Affinity policy violated with parallel requests

Problem

Parallel server create requests for affinity or anti-affinity land on the same host and servers go to the ACTIVE state even though the affinity or anti-affinity policy was violated.

Solution

There are two ways to avoid anti-/affinity policy violations among multiple server create requests.

Create multiple servers as a single request

Use the multi-create API with the min_count parameter set or the multi-create CLI with the --min option set to the desired number of servers.

This works because when the batch of requests is visible to nova-scheduler at the same time as a group, it will be able to choose compute hosts that satisfy the anti-/affinity constraint and will send them to the same hosts or different hosts accordingly.

Adjust Nova configuration settings

When requests are made separately and the scheduler cannot consider the batch of requests at the same time as a group, anti-/affinity races are handled by what is called the “late affinity check” in nova-compute. Once a server lands on a compute host, if the request involves a server group, nova-compute contacts the API database (via nova-conductor) to retrieve the server group and then it checks whether the affinity policy has been violated. If the policy has been violated, nova-compute initiates a reschedule of the server create request. Note that this means the deployment must have scheduler.max_attempts set greater than 1 (default is 3) to handle races.

An ideal configuration for multiple cells will minimize upcalls from the cells to the API database. This is how devstack, for example, is configured in the CI gate.

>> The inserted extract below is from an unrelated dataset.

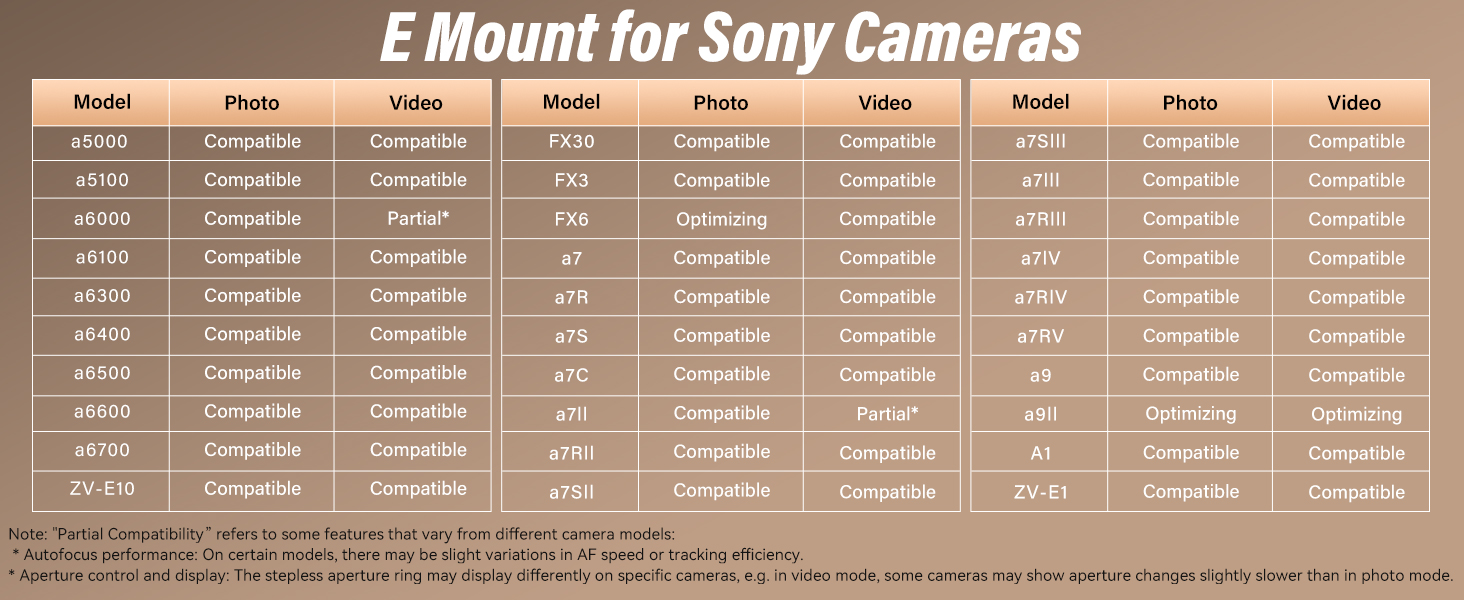 | Lens Format Coverage | Full-frame | Full-frame | APS-C | APS-C | APS-C | S35 | Full-frame |

The cell conductors do not set api_database.connection and nova-compute sets workarounds.disable_group_policy_check_upcall to True.

However, if a deployment needs to handle racing affinity requests, it needs to configure cell conductors to have access to the API database, for example:

[api_database]
connection = mysql+pymysql://root:a@127.0.0.1/nova_api?charset=utf8

The deployment also needs to configure nova-compute services not to disable the group policy check upcall by either not setting (use the default) workarounds.disable_group_policy_check_upcall or setting it to False, for example:

[workarounds]
disable_group_policy_check_upcall = False

With these settings, anti-/affinity policy should not be violated even when parallel server create requests are racing.

Future work is needed to add anti-/affinity support to the placement service in order to eliminate the need for the late affinity check in nova-compute.